Meditation: I am not my feelings and thoughts; they are just like clouds in the sky
Everyone talks about how great meditation is, and the reason I think it’s great, too is it helps me to remember that I am not my thoughts or feelings, and that includes hopelessness. It also includes any need for hope. Or desire for anything at all. Feelings, just like thoughts, are just momentary ripples in the water of who I am.
When I feel like hope hurts, mindfulness meditiation is not the meditation tool I use. I find it can almost be more hurtful and might have me verge on a panic attack. Instead I try to use mantra meditation with some nonsense word so that my hyper-vigilant, overly-stressed and catastrophizing mind will have something to do, while I can get my bearings and remember who I am among all those thoughts, feelings, and experiences.
Stimulate My Mirror Neurons
Ugh this is weird, but I’m going to share it. When I feel particularly disconnected from hope and joy, I watch videos where people are joyous, feel hopeful, or talk about that. In addition to allowing myself to cry as a release while watching these videos, I believe what’s happening is that mirror neurons help me re-regulate my emotions.
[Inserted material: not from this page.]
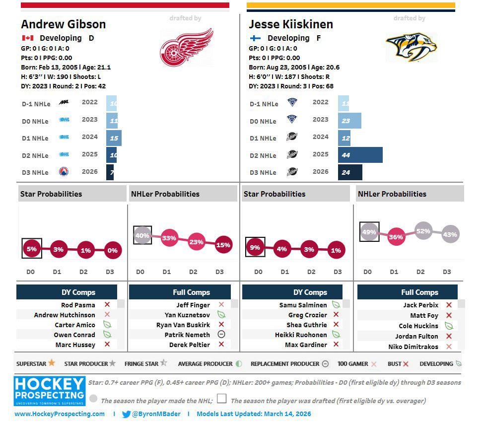 The tool also provides the players’ probability of turning into an NHLer (200+ games) and probability of turning into an offensive star in the NHL (0.7+ career ppg for a forward and 0.45+ career ppg for a defenseman).

What are mirror neurons? Briefly, they are a brain cell that reacts both when an action is performed AND when it is observed. They have a large role to play in empathy in addition to being impacted by trauma. I also think they are important to trauma recovery. I feel that in addition to showing me how hope is possible by showing me other people experiencing it, that watching these sorts of hopeful, positive videos also helps me to feel vicarious hope.
Puppy videos also count.
Recognize when Media Re-Traumatizes Me and Disengage if Possible
The world is a rough place to be right now, and just like some things you watch, read, and engage with can heal, others can re-traumatize. When hope hurts and I feel like I might have to resign myself to a life of hopelessness, I try to disengage with the avoidable negative and most often this means the news.
Unfortunately we find ourselves in a time where bad news and hatred get more clicks than good news and lifting people up. If I don’t want to live my life that way, it’s important that I not give things like that space enough to allow me to fester in the futility of it all. There’s money to be made in emotional manipulation, and so much of the media that we consume is aimed for the easier-to-hit emotions.
Think and Write about Things I Love
This is my own twist on the gratitude exercises — I write about the things I love. Even when things are bleak and I’m feeling hopeless there are still topics I love to engage with and write about. There’s almost always someone making something I’m excited to share, or maybe I’ve seen a piece of media I really adore and I want to explore it (exploring the same story again and again is yet another personality quirk of the traumatized and anxious).
It’s like allowing myself to feel passion and engage with things I love lets me reach into a past where I felt hope and feel it again. I write about a variety of topics, and it’s rare that I regret something I’ve written. Allowing myself the passion to research cannabis terpenes, write about tarot cards, or write in-depth comparisons of movies ultimately helps me.
I feel stronger when I lift up something I love.
In addition to being stories I can engage with, shows like King of the Hill and Twin Peaks (in addition to things like tarot decks) help me by also being things that I love.
It’s probably the way that Hank Hill feels about propane.